Longitudinal post-vaccine SARS-CoV-2 IgG titers, memory B cell responses and risk of COVID-19 in multiple sclerosis over 1 year

Introduction: Some disease modifying treatments (DMTs) impair response to SARS-CoV-2 vaccines in multiple sclerosis (MS), potentially increasing the risk of breakthrough infections. Objective(s): To investigate longitudinal post-vaccine antibody dynamics and memory B cell responses after 2 and 3 SARSCoV- 2 mRNA vaccine doses, and their association with risk of COVID-19 in MS patients treated with different DMTs. Method(s): Prospective observational monocenter cohort study in MS patients undergoing SARS-CoV-2 mRNA vaccinations. Anti- SARS-CoV-2 spike IgG serum titers were measured by chemiluminescence microparticle immunoassay. Frequency of spike-specific memory B cells were measured upon polyclonal stimulation of total PBMCs and screening of secreted antibodies by ELISA. Result(s): We recruited 120 MS patients (58 on anti-CD20, 9 on S1P-modulators, 15 on cladribine, 24 on teriflunomide and 14 untreated) and collected 392 samples before and up to 10.8 months after a 2nd vaccine dose. Compared to no treatment, anti-CD20 antibodies (beta=-2.07, p<0.001) and S1P-modulators (beta=-2.02, p<0.001) were associated with lower anti-spike IgG titers, while teriflunomide and cladribine were not. Anti-spike IgG titers progressively decreased with months since last vaccine dose (beta=-0.14, p<0.001), independently of DMTs.
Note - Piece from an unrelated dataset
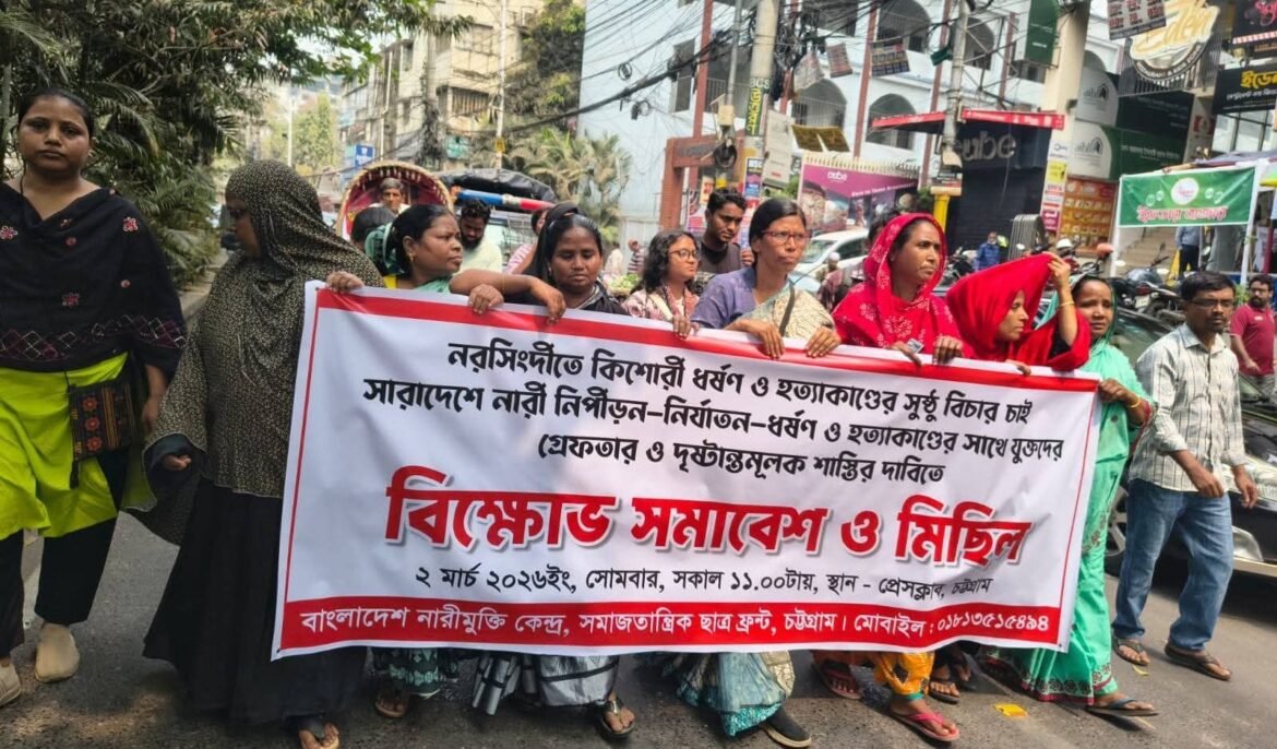 নিজস্ব প্রতিবেদক: নরসিংদীতে কিশোরীকে ধর্ষণ ও হত্যাকাণ্ডের সুষ্ঠু বিচার ও সারাদেশে অব্যাহত নারী শিশু নির্যাতন ধর্ষণের দ্রুত বিচার নিশ্চিতের দাবিতে বাংলাদেশ নারীমুক্তি কেন্দ্র ও সমাজতান্ত্রিক ছাত্রফ্রন্ট এর বিক্ষোভ সমাবেশ অনুষ্ঠিত …

Within anti-CD20 treated patients, anti-spike IgG remained constantly higher in those with greater baseline CD19+ B cell counts and were not influenced by post-vaccine anti-CD20 infusions. Antispike IgG titers increased after a 3rd vaccine dose on cladribine and teriflunomide and marginally on anti-CD20 and S1Pmodulators. Spike-specific memory B cell responses were weaker on S1P-modulators and anti-CD20 than on teriflunomide and influenced by post-vaccine anti-CD20 infusions. Risk of SARS-CoV-2 infection was predicted by SARS-CoV-2 IgG at last sample before infection (OR=0.56, 95%CI=0.37-0.86, p=0.008). Conclusion(s): Post-vaccine SARS-CoV-2 IgG antibody titers progressively decrease over time in MS regardless of DMTs, and are associated with risk of breakthrough COVID-19. Both immediate humoral and specific memory B cell responses are diminished in patients on S1P-modulator and anti-CD20 antibody treatments. Within the latter group, B cell count at first vaccine dose determines anti-spike IgG production shortly after vaccination, whereas post-vaccine anti-CD20 infusions negatively impact memory B cell responses.